Even as he spoke, the purser, two men and four women were washed overboard, their drowning screams mingling with the hollow roars of the ocean.

"Take her! take her!" cried Mr. Holmes frantically. "I resign her to you. I am going; I can hold out no longer."

A wave more terrible than any that had preceded it at this moment seemed to bury the ship, which was driving straight toward the unknown shore. Instinctively John wound one arm about the girl and held to the capstan with the other. It seemed an age, and he was almost on the point of relaxing his hold on the capstan, when they once more rose above the water, and he got a breath of air. He still clung to Blanche in despair, though she lay so limp in his arms that he thought her dead.
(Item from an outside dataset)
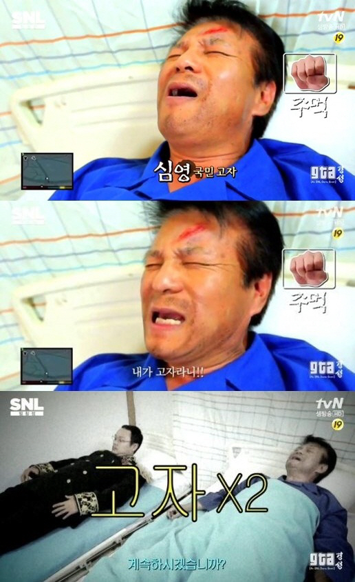 이날 'GTA 경성'에서 김민교는 일제시대를 배경으로 펼쳐진 게임 속에서 이완용으로 분해 거지왕 김춘삼 패거리와 싸우던 중 중요부위(?)에 치명적인 부상을 입고 쓰러져 병원으로 실려 갔다.

It was now dark, for night had fallen upon the awful scene. A flash of lightning illuminated the wreck, Mr. Holmes was gone, and Stevens could not see another soul on the vessel. The wild roar of surf fell on his ears, and a moment later he felt the bottom of the ship grating on the sands. It seemed to glide further and further on the beach, as if the ship were being lifted and driven inland. The tide was at the full, and the wind was blowing a hurricane on shore, so that the wreck was driven far up on the beach, and at low tide it was high and dry.

John Stevens remained by the capstan, as it was highest point, holding Blanche in his arms long after the ship had settled in the sands. The waves leaped and raved angrily below; but not a human voice was heard. He asked himself if Blanche were dead or living. At last he felt her move and, placing his hand on her heart, was rejoiced to know that it still beat.

"Father--father!" she faintly murmured.

"He is gone," John answered.

"Is this you?" she asked.

"Yes."

"Cling to me."

"I will. We will survive or perish together."

Then she became silent, and the night grew blacker, while the storm howled; but the waves receded with the ebbing tide, and the broken hulk remained fast fixed in the sands. The poor girl shivered all through that night and clung to her preserver. She did not weep at the loss of her father, for the horror of their situation dried the fountains of grief. All night long the warring elements raged about the remaining castaways, who clung with the tenacity of despair to the wreck.